─── INPUT FOR THIS TASK ───
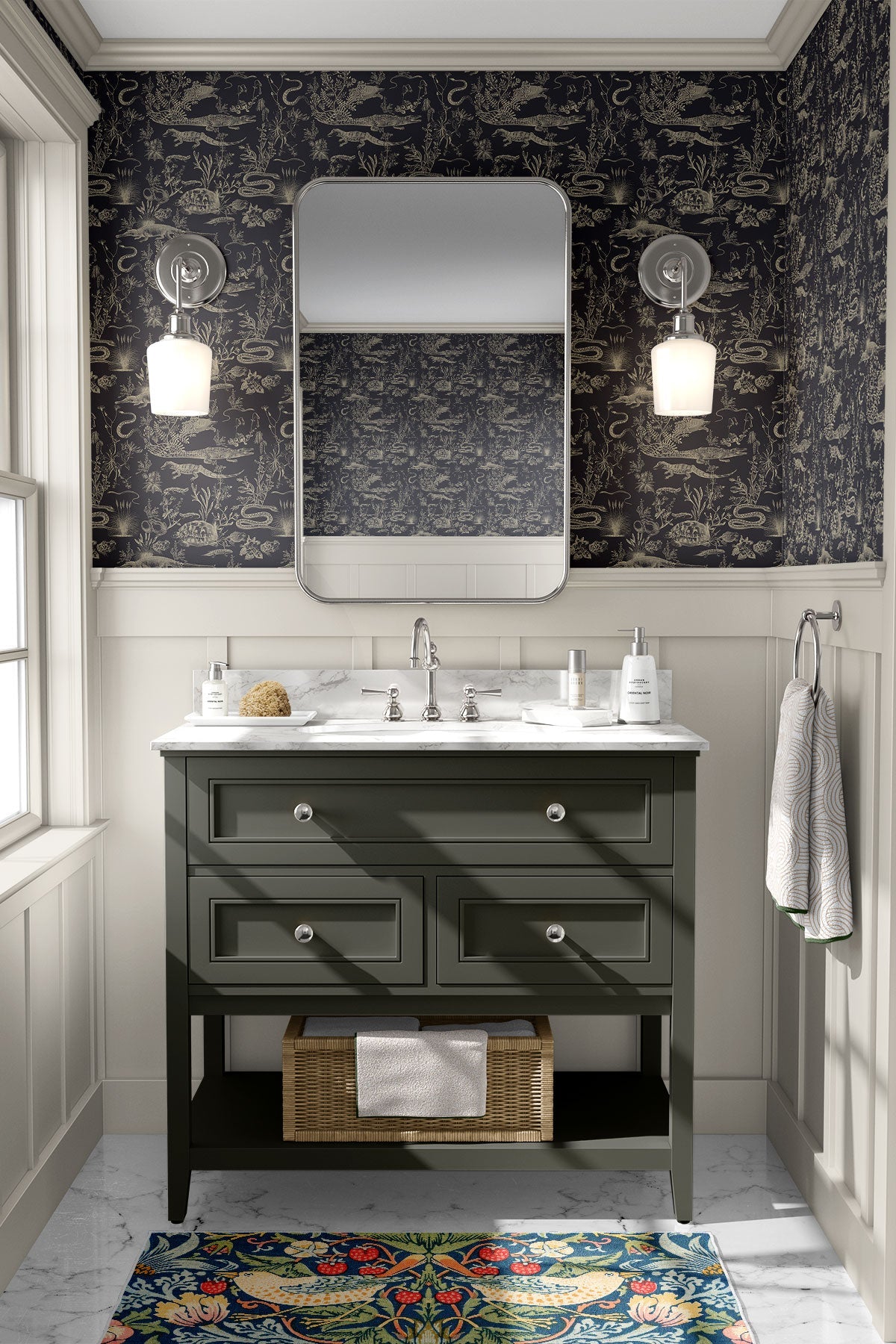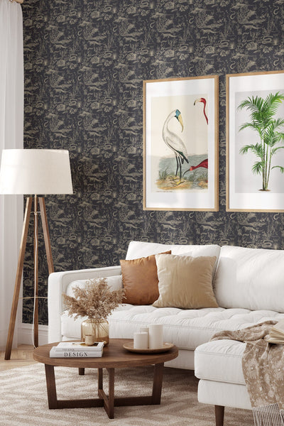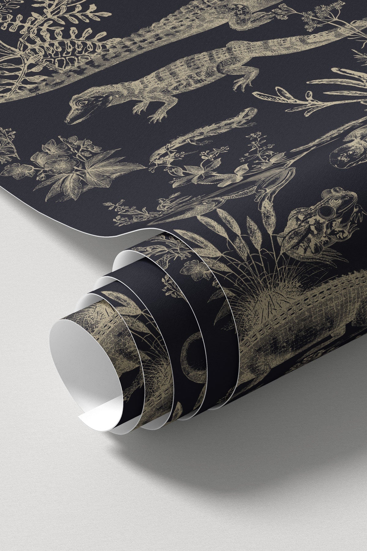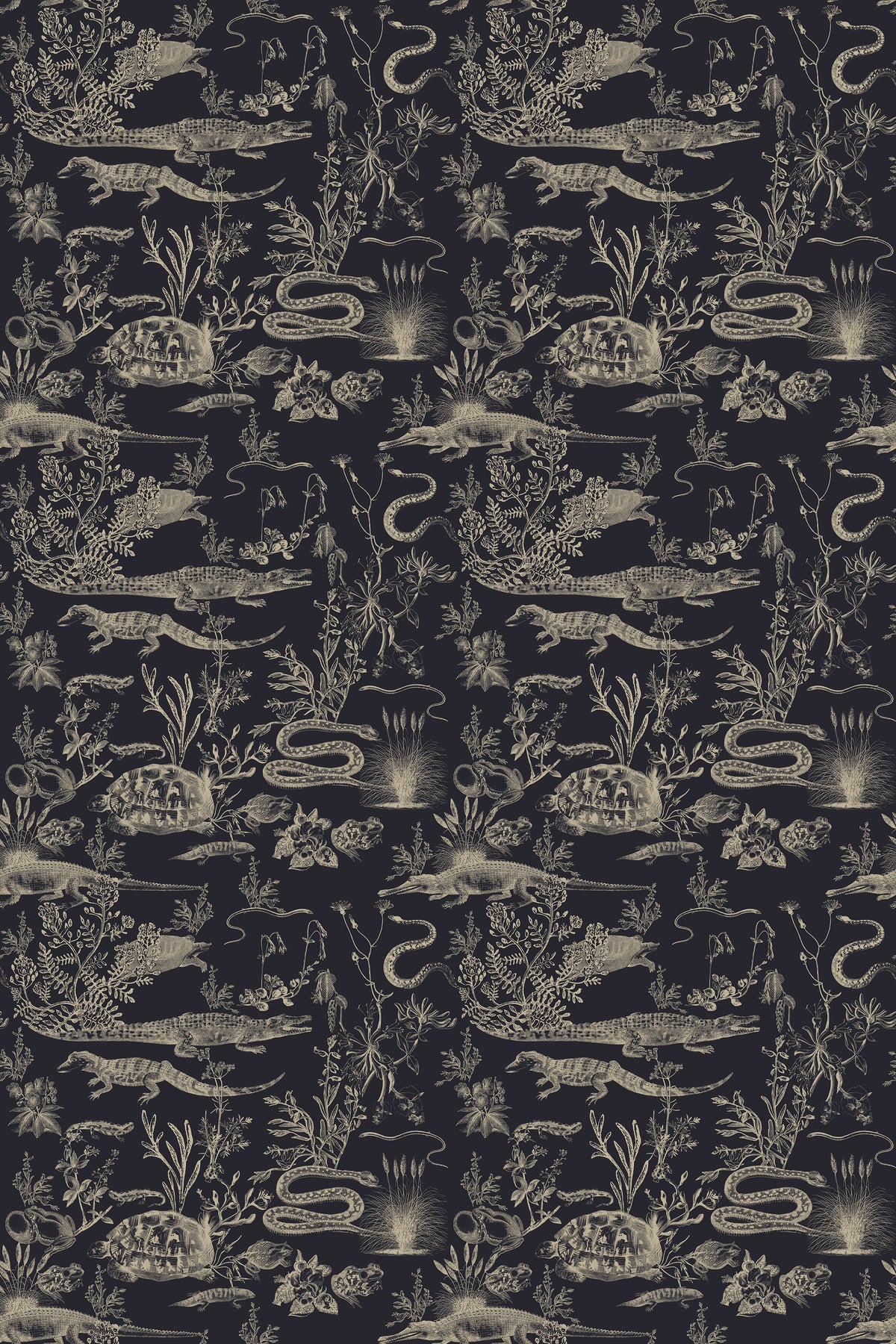 "New Orleans Dark" is a striking wallpaper inspired by the mystique of the Louisiana swamps. This toile-style pattern features hand-drawn alligators, snakes, and turtles set against a deep, dark background, evoking the haunting beauty and richness of the bayou. Each creature appears nestled among tangled flora, bringing a sense of adventure and wild charm to your walls. Perfect for those drawn to bold, atmospheric designs, "New Orleans Dark" adds a touch of Southern mystery and depth to any space.
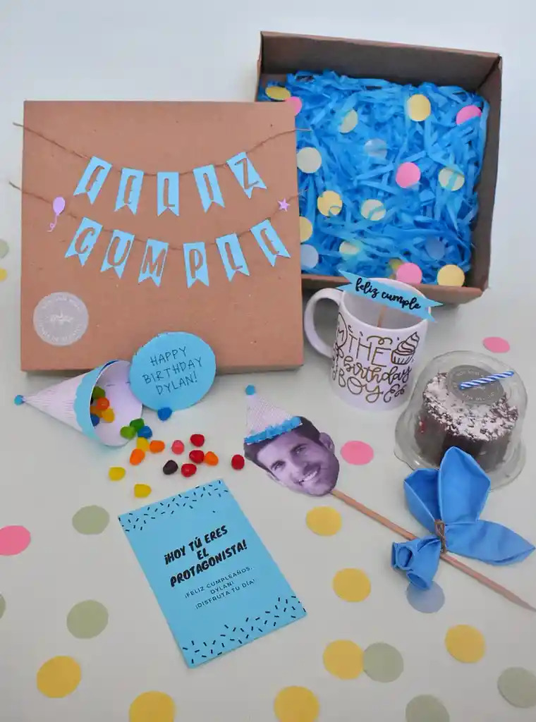La Box celebración tiene todo lo que necesitas para festejar, puede usarse para cumpleaños, aniversarios, felicitaciones, bienvenidas, despedidas, etc. Contiene: Mini torta de chocolate y arequipe., mug personalizado, topper personalizado con foto, gorro de papel con gomas de colores, globos, tarjeta con mensaje personalizado, tarjeta y vela “Los mejores deseos para ti”, caja con decoración personalizada. Envíar mensaje para la tarjeta vía chat.
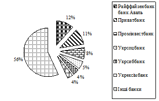 Рис. 4. 3. Поділ банківського ринку за активами Найістотніший вплив на ситуацію на банківському ринку мають найбільші 7 банків, яким належать понад 50 % сукупного ринку за активами. Аналізуючи ринок депозитів для фізичних осіб, зазначимо, що більшість вкладів зроблено у національній валюті (табл.1. 1., табл. 1. 2). Загальний обсяг вкладень коштів фізичними особами в банки України у національній валюті на 01.01.2007 року становлять 62 % (рис.1. 7). Частка мешканців Києва у депозитних вкладах України становить 31 %. Таблиця 4. 1 Структура зобов’язань банків за видами валют
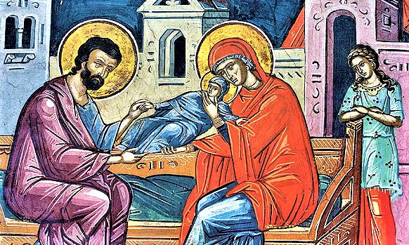 Јоаким и Ана, који су живели у браку и били непорочни пред Богом, Израиљцима су се, према закону, чинили достојнима прекора јер су били бездетни. Како у то време још није било наде на васкрсење, мислило се да је неопходно наслеђивање рађањем. Сада пак, када нам је Она, на данашњи дан рођена Дјева, девственим рађањем подарила вечност, није нам више неопходно наслеђивање кроз рађање деце. У то време су Израиљци бројно потомство сматрали за велику врлину, а бездетност (неплодност) за највећи порок, због чега су и оне праведнике, уместо да их хвале због врлине, презирали што немају деце. Будући ожалошћени њиховим презиром, ови праведници су се опомињали Авраама и Саре, као и других што су осетили дубоку жалост због немања деце, а затим су, имајући на уму лек који су они нашли као исцељење у тако великој жалости, одлучили да и сами са молбом притекну Богу. Целомудрени Јоаким је отишао у пустињу, тамо се настанио и подвизавао постом, узносећи Богу молитву да постане отац. Он није прекидао молитву нити се враћао отуда све док није добио уверење да ће његова прозба бити услишена. Будући једномислена са њим, Ана се затворила у оближњем врту, вапијући Господу са болом у срцу: „Услиши ме, Боже отаца мојих, и благослови ме као што си благословио и Сарину утробу“. И Господ ју је услишио и благословио их, и дао им обећање. То обећање се данас (тј. на данашњи дан) и испунило, и Господ им је подарио чедо, чудесније од сваког претходног чуда, Родитељку Онога што је све створио, Која је људски род обожила и земљу онебесила, Сина Божијег учинила (сином) човечијим а људе синовима Божијим, јер је у Себи бесемено зачела и као Оваплоћеног неизрециво родила Онога Који је све из небића привео у биће и пресаздао га у добробиће, не допуштајући да се распадне у небићу.
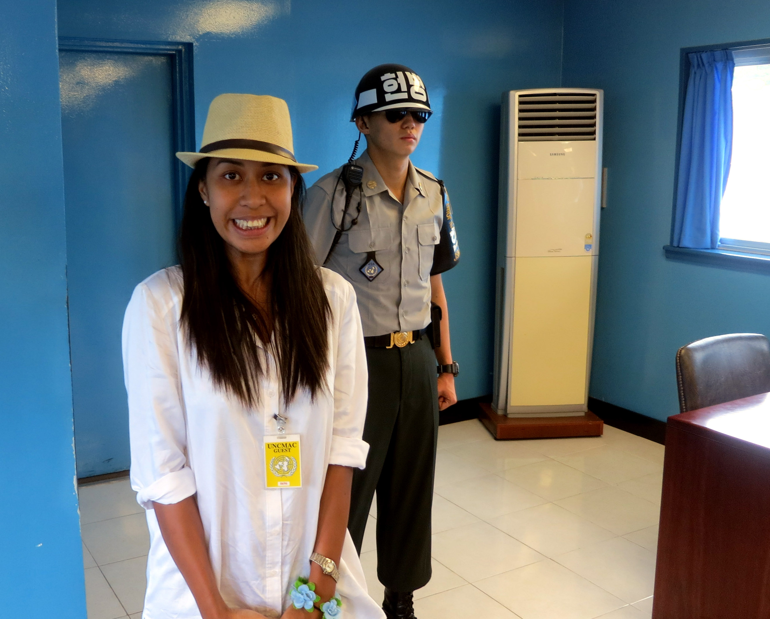 In this instant, we are given the freedom to walk past the border, as well as ten minutes to loiter as much as we can in North Korea — but only within the limits of this conference room. The guide warns that if we decide to make a run for the door at the North Korean side, she could not guarantee our return.
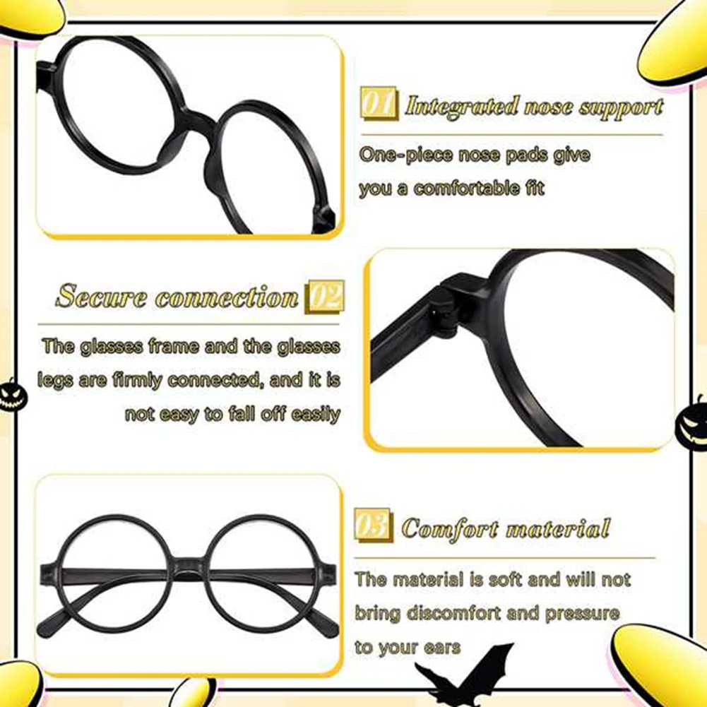 [Gafas]: estas gafas con montura redonda sin lentes están hechas de material plástico que no es fácil de romper o desvanecer.
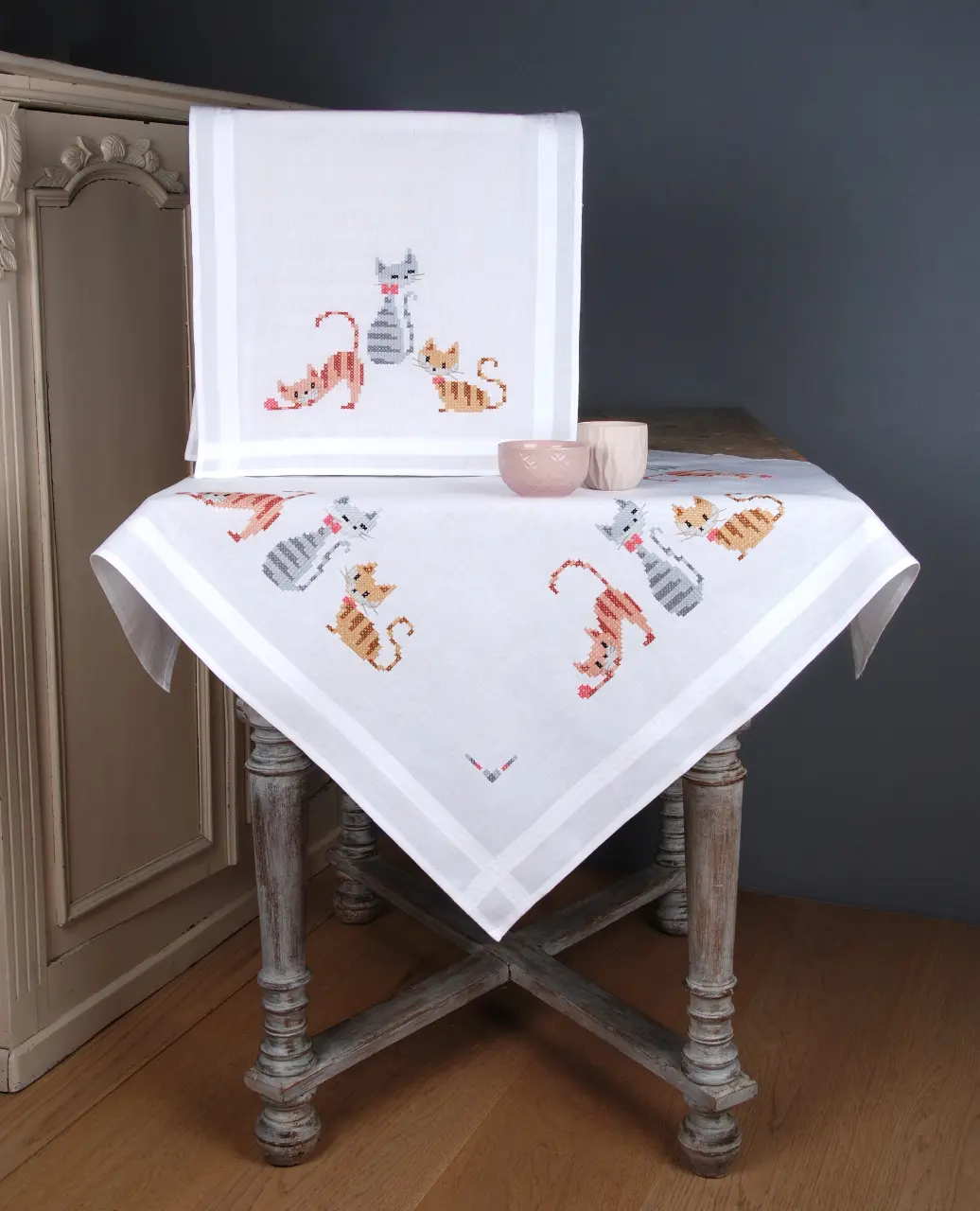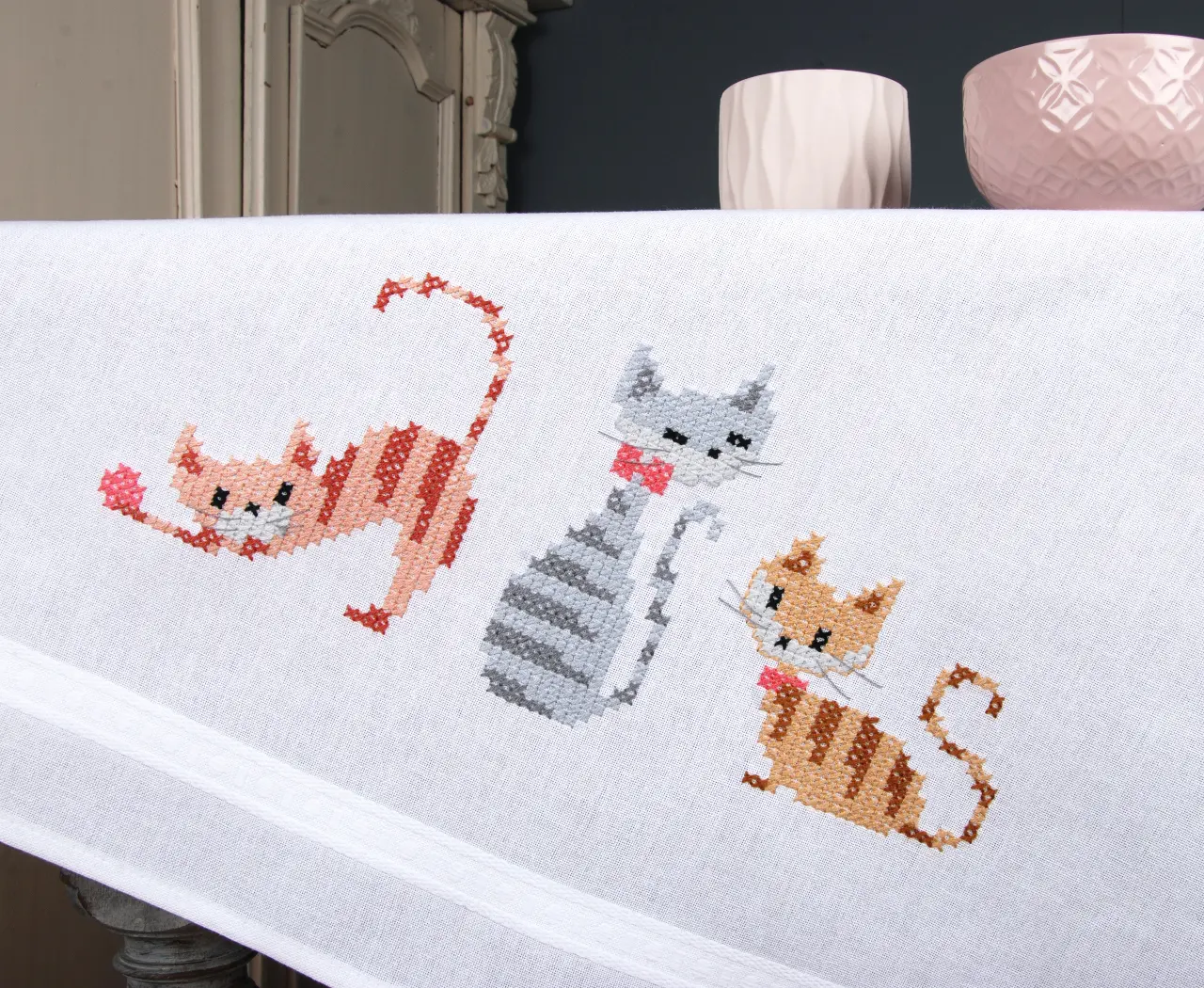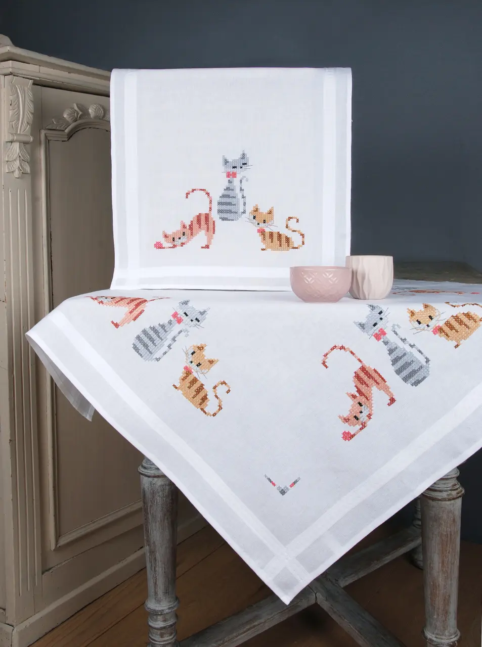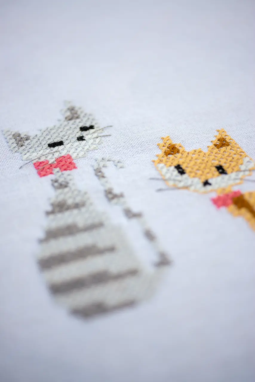 The kit contains: instruction chart, symbol pattern, printed embroidery cloth of white color (washable), cotton mouline DMC - 9 colors and a needle.
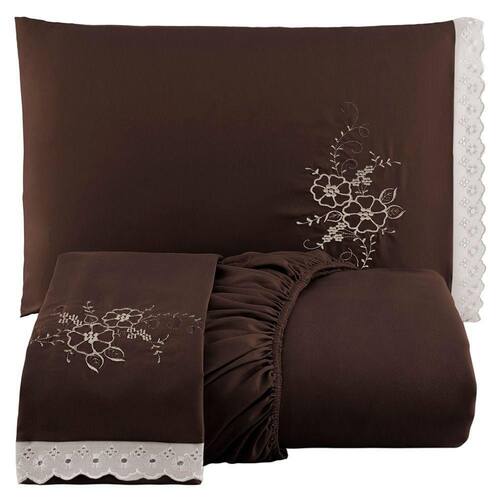 O destaque fica por conta das fronhas, que possuem detalhes bordados elegantes, adicionando um toque de luxo e charme ao conjunto. Além disso, o lençol é durável e fácil de cuidar, mantendo sua aparência impecável por muito tempo.
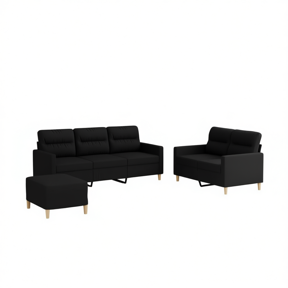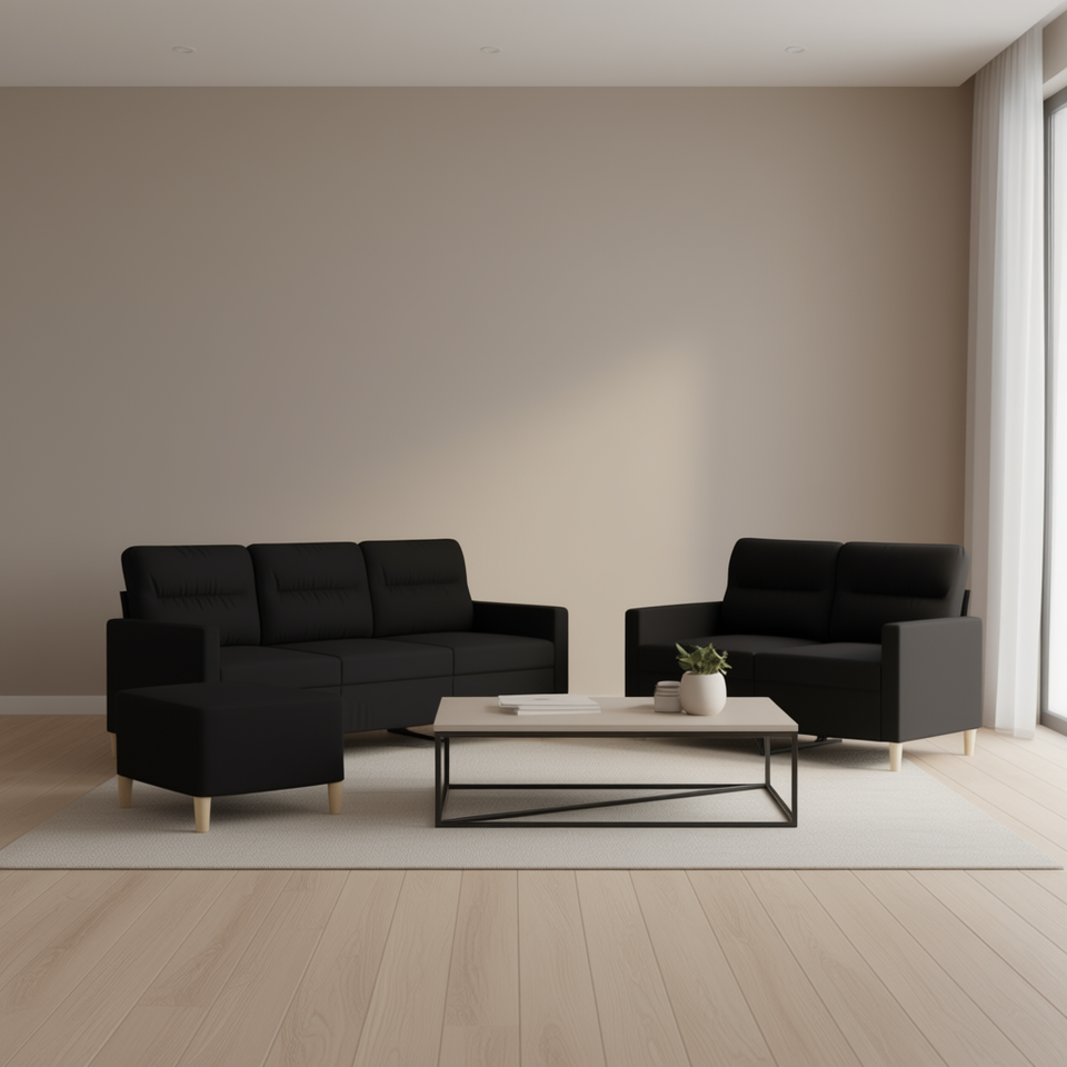 Juego de sofás de poliéster negro con estructura de metal, muebles modernos para sala de estar
───
### PROBLEM STATEMENT
The range to set down runs from the line containing "O destaque fica" through the final line of the data, both ends included; give it exactly and drop the pictures.

### RESULT OF THE EXERCISE
 O destaque fica por conta das fronhas, que possuem detalhes bordados elegantes, adicionando um toque de luxo e charme ao conjunto. Além disso, o lençol é durável e fácil de cuidar, mantendo sua aparência impecável por muito tempo.
 Juego de sofás de poliéster negro con estructura de metal, muebles modernos para sala de estar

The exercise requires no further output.